Turbo-shaft engine adaptive neural network control based on nonlinear state space equation

Abstract

Intelligent Adaptive Control (AC) has remarkable advantages in the control system design of aero-engine which has strong nonlinearity and uncertainty. Inspired by the Nonlinear Autoregressive Moving Average (NARMA)-L2 adaptive control, a novel Nonlinear State Space Equation (NSSE) based Adaptive neural network Control (NSSE-AC) method is proposed for the turbo-shaft engine control system design. The proposed NSSE model is derived from a special neural network with an extra layer, and the rotor speed of the gas turbine is taken as the main state variable which makes the NSSE model be able to capture the system dynamic better than the NARMA-L2 model. A hybrid Recursive Least-Square and Levenberg-Marquardt (RLS-LM) algorithm is advanced to perform the online learning of the neural network, which further enhances both the accuracy of the NSSE model and the performance of the adaptive controller.

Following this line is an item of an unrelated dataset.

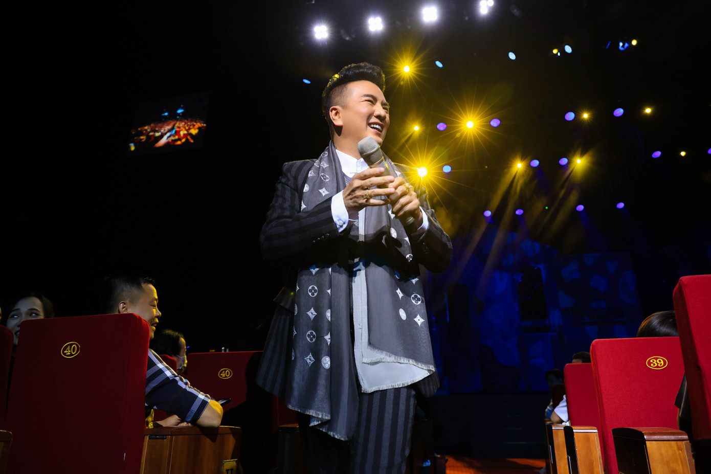 Trên sân khấu, Dương Triệu Vũ bày tỏ sự ngưỡng mộ tinh thần cống hiến và hết mình vì khán giả của Đàm Vĩnh Hưng.

The feedback correction is also utilized in the NSSE-AC system to eliminate the steady-state tracking error. Simulation results show that, compared with the NARMA-L2 model, the NSSE model of the turbo-shaft engine is more accurate. The maximum modeling error is decreased from 5.92% to 0.97% when the LM algorithm is introduced to optimize the neural network parameters. The NSSE-AC method can not only achieve a better main control loop performance than the traditional controller but also limit all the constraint parameters efficiently with quick and accurate switching responses even if component degradation exists. Thus, the effectiveness of the NSSE-AC method is validated.